Under the hood, we rely on time-proven segyio routines to infer stats from file-wide header. This way, we don’t reinvent the wheel and make sure that everything works with different revisions and flavors of SEG-Y.

Timings, timings, timings!

All that is left is to compare performance of different ways to interact with the same SEG-Y file. For out tests, a 21-GB sized amplitude data with IEEE float32 format is used. We test following methods for reading:

  • public segyio functions. .ilines, .xlines, .trace.raw are used;
  • private segyio functions, wrapped into SegyioLoader;
  • segfast with MemmapLoader, that relies on memory map mechanisms;
  • seismiqb, our interpretation library.
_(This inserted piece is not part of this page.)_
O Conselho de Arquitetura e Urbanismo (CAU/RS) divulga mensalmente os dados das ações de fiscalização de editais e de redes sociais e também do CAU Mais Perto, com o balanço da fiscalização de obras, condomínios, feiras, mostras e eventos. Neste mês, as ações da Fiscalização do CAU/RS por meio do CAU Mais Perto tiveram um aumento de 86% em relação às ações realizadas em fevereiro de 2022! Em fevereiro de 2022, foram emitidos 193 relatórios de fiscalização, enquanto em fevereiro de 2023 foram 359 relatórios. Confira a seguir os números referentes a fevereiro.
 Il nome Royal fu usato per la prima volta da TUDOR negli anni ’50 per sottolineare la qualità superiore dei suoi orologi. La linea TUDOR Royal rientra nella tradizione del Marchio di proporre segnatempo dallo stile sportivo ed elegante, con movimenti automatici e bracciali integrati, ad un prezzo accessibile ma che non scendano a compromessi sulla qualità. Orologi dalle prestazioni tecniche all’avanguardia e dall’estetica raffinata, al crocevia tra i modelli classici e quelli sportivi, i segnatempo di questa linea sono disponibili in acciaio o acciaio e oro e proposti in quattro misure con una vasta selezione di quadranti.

It relies on MemmapLoader for interacting with SEG-Y data and provides additional layer of bufferization for batch dimension;
  • HDF5, also provided by seismiqb. The conversion takes about 4 minutes, during which 3 projections in all orientations are created with no chunking nor compression. In our experience, the performance is relatively similar to Zarr storage so we don’t compare it separately.
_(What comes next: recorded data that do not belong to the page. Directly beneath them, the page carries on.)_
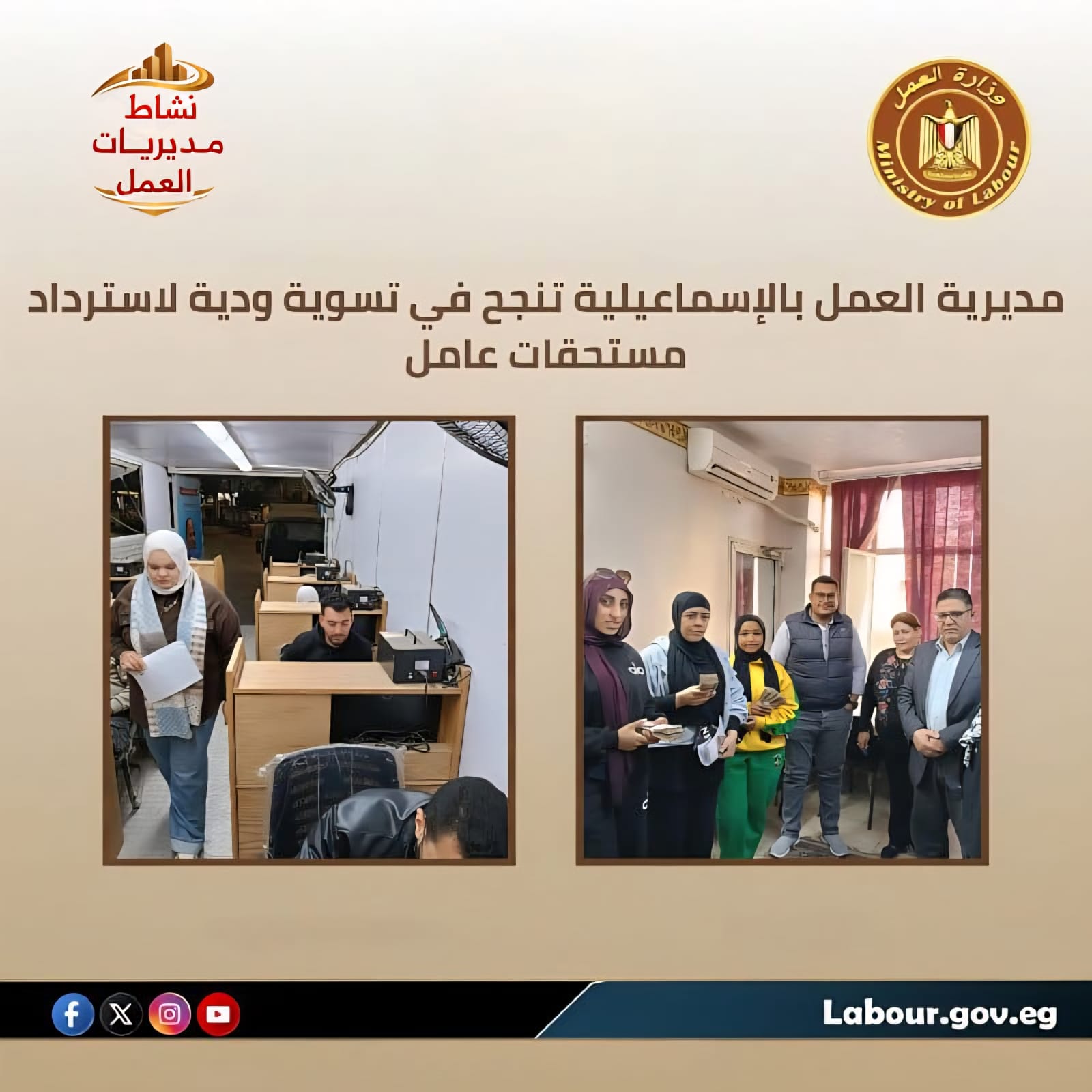 مديرية العمل بالإسماعيلية تنجح في تسوية ودية لاسترداد مستحقات عامل
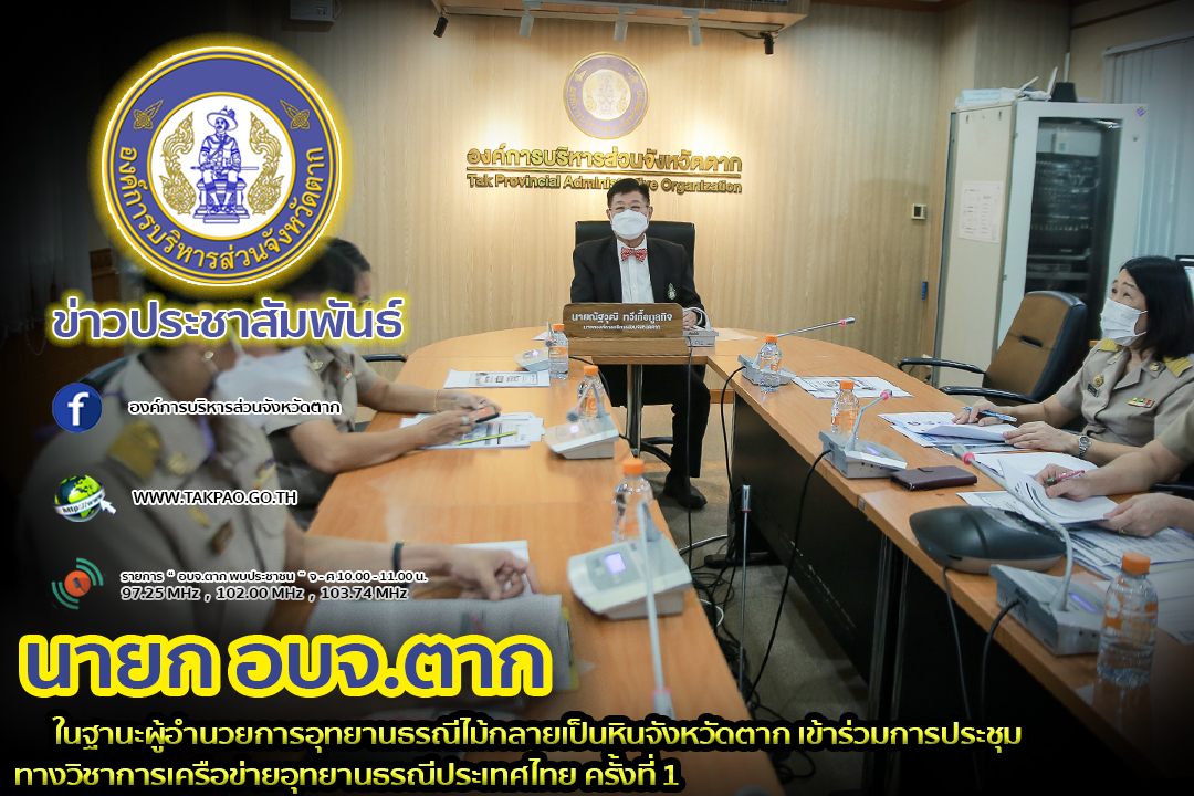 วันที่ 25 เมษายน พ.ศ. 2565 นายณัฐวุฒิ ทวีเกื้อกูลกิจ นายกองค์การบริหารส่วนจังหวัดตาก ในฐานะผู้อำนวยการอุทยานธรณีไม้กลายเป็นหินจังหวัดตาก เข้าร่วมการประชุมทางวิชาการเครือข่ายอุทยานธรณีประเทศไทย ครั้งที่ 1 (The 1st Thailand Geoparks Network Symposium : Webinar) ณ ห้องประชุมวอร์รูม ชั้น 2 องค์การบริหารส่วนจังหวัดตาก ผ่านทางระบบสื่ออิเล็กทรอนิกส์ (Zoom Meeting) โดยมีนายวราวุธ ศิลปอาชา รัฐมนตรีว่าการกระทรวงทรัพยากรธรรมชาติและสิ่งแวดล้อม/ประธานคณะกรรมการแห่งชาติว่าด้วยอุทยานธรณี เป็นประธานเปิดการประชุม
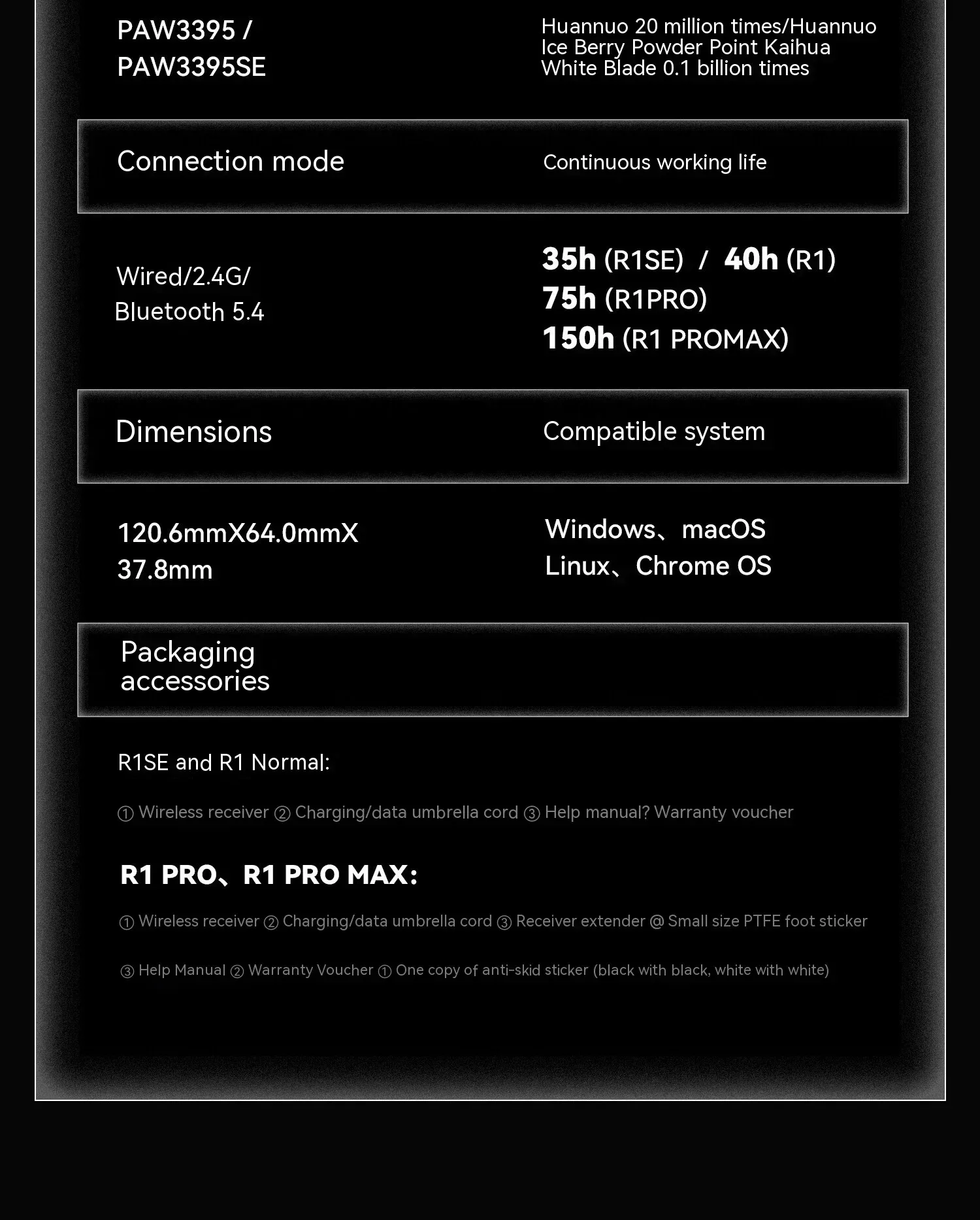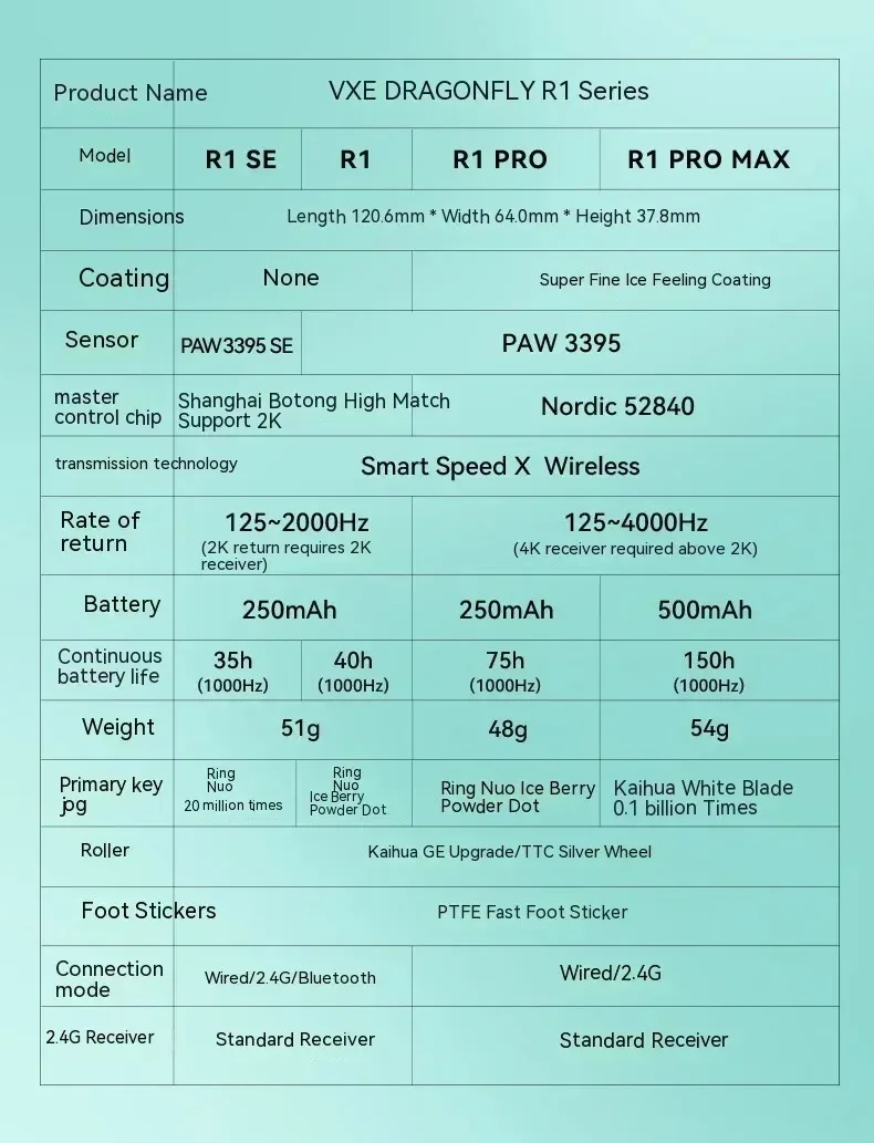 Product Features: VXE Dragonfly R1 Gaming Mouse Wireless Mouse Nordic 52840 PAW3395 2KHz 2.4G Office Gamer Pc Gaming Specifications: Item Type 2.4G Wireless Mouse Model Number VXE Dragonfly R1 Series

Lastly, we include the segfast-quantized loader: it takes the best from both worlds of convenient geological transporting and fast scientific formats. Essentially, the original SEG-Y standard allows to store values of other than the usual float32 types. By carefully quantizing the data, we can use one-byte unsigned integers instead, reducing the disk usage 4x times and speeding up the loading comparably. Moreover, many geological programs do work with uint8 cubes, which allows us to rip the benefits during both research and production.

The same inline for original float32 dtype and quantized uint8. Visually, there are hardly any changes!

Each loader was tested against multiple tasks: loading slices in different (inline, crossline, depth) projections, loading 3D crops and even loading a batch of 3D crops. The shape of crops is fixed to (256, 256, 500), and batch consists of 20 of such crops.

Average time taken for slide loading across different orientations

Each experiment is repeated a few hundred times to get reliable averages. The key takeaways are:

  • as expected, memory map based methods are much faster, achieving at least 30% speedup compared to traditional segyio usage even before quantization;
  • crossline-oriented slices are almost twice slower than inline ones: that is natural due to the data alignment;
  • depth-oriented slices are waaay slower, as SEG-Y format is completely inadequate for working with them. HDF5 absolutely smokes the competition here, and if you need those slices frequently (for example, while performing attribute analysis) conversion may be your best bet;
  • quantization provides a massive speedup, while not incurring any meaningful information loss for a lot of tasks. For example, all kinds of structural interpretation can be done on quantized cubes;
  • curiously, the public methods of segyio are faster than the private for inline slide loading. That is due to a slightly better optimization for this exact task and this advantage is lost for other settings.
Time taken for data loading

Another way of speeding up your model is to do all CPU and I/O bound operations in a separate thread or process. Our main library batchflow does so seamlessly: be sure to give it a go!

Even more timings

Before loading any data from SEG-Y, we need to infer its structure via analyzing trace-wise headers. By utilizing the same memory mapping mechanism, we speed up this part of workflow massively, allowing to load all headers for the entire file in a fraction of time taken by other packages.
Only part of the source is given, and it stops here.